The budget’s new tax relief cap will severely reduce charity income, and could prevent new charities setting up, handing even more of the third sector over to ‘social entrepreneurs’ and for-profit corporations.
On top of the hard-hitting 2011 VAT hike to 20%, charities are facing serious funding reductions from large-scale donations now subject to a 25% tax relief cap in the 2012 budget. This is bad news as major gifts play a vital role in the sector (for instance almost half of all donations last year came from just 8% of donors).
The detail in the budget is that currently unrestricted tax reliefs will now be subject to a cap, so that anyone trying to claim more than £50K will be limited to 25% of their income or £50K (whichever is greater). From the charity point of view, this will affect the relief available through Gift Aid. The problem might be even worse for those who want to set up a new charitable trust (either standalone, or housed within a larger organisation such as CAF or a Community Foundation). In these cases it is even more likely that a large, one-off gift will be involved, and many such donors rely on Gift Aid as a top up.

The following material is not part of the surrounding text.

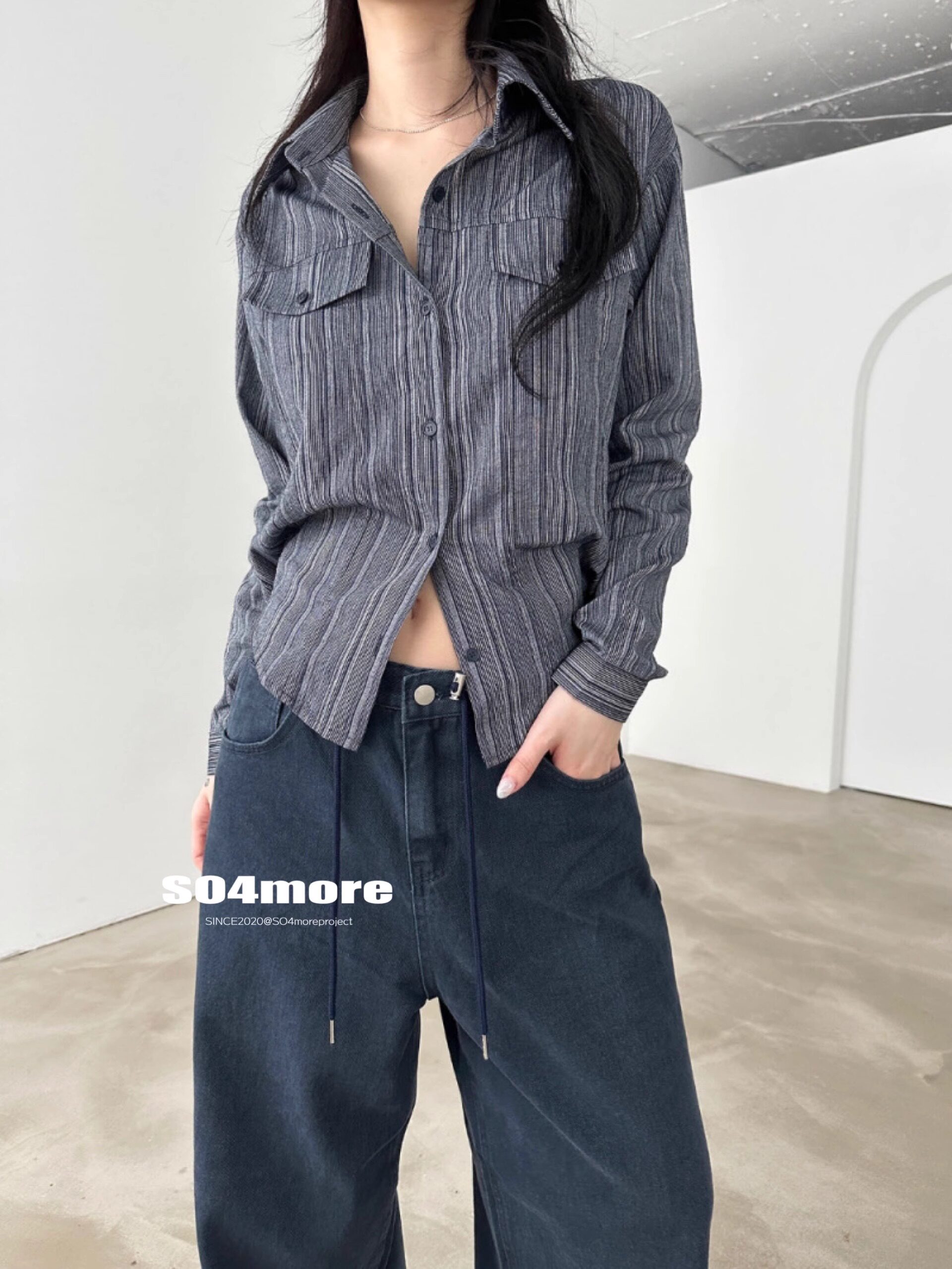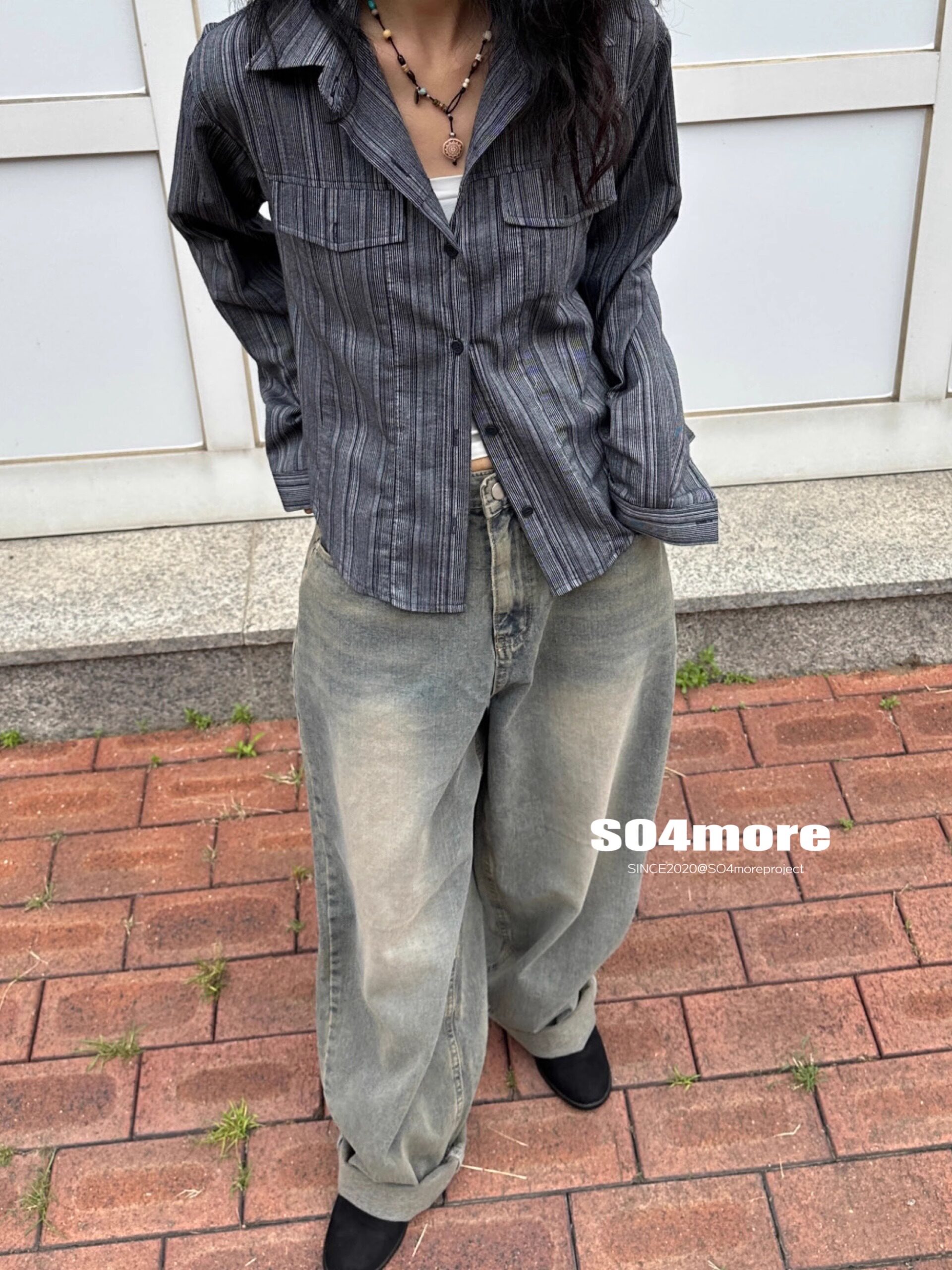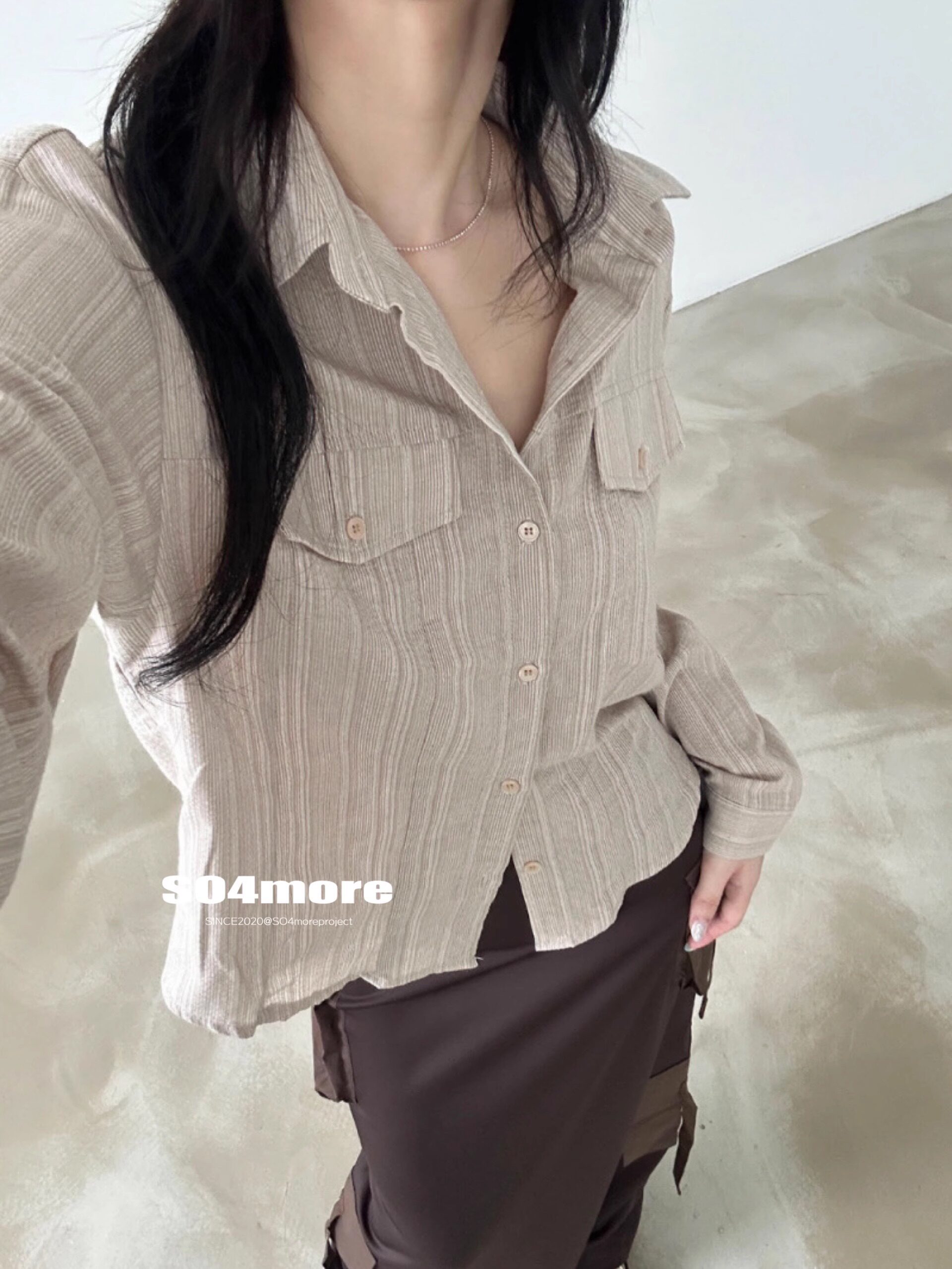 📚 Exclusive type 韩国个性复古暗纹竖条纹口袋单排扣长袖宽松衬衫

This lends further weight to the argument that the 'Big Society' is merely cover for another round of privatisation, affecting not only public services but also the Third Sector. Think tank nef has identified opportunities for "big corporations to take over state functions – by providing backroom support and running services. There are dangers that for-profit businesses will change the ethos, purpose and outcomes of services, with negative effects on the quality of life and opportunities of those who are most in need. There are also worries that big business will drive out smaller non-profit organisations, which could otherwise provide contracted-out services with more flexibility and local knowledge."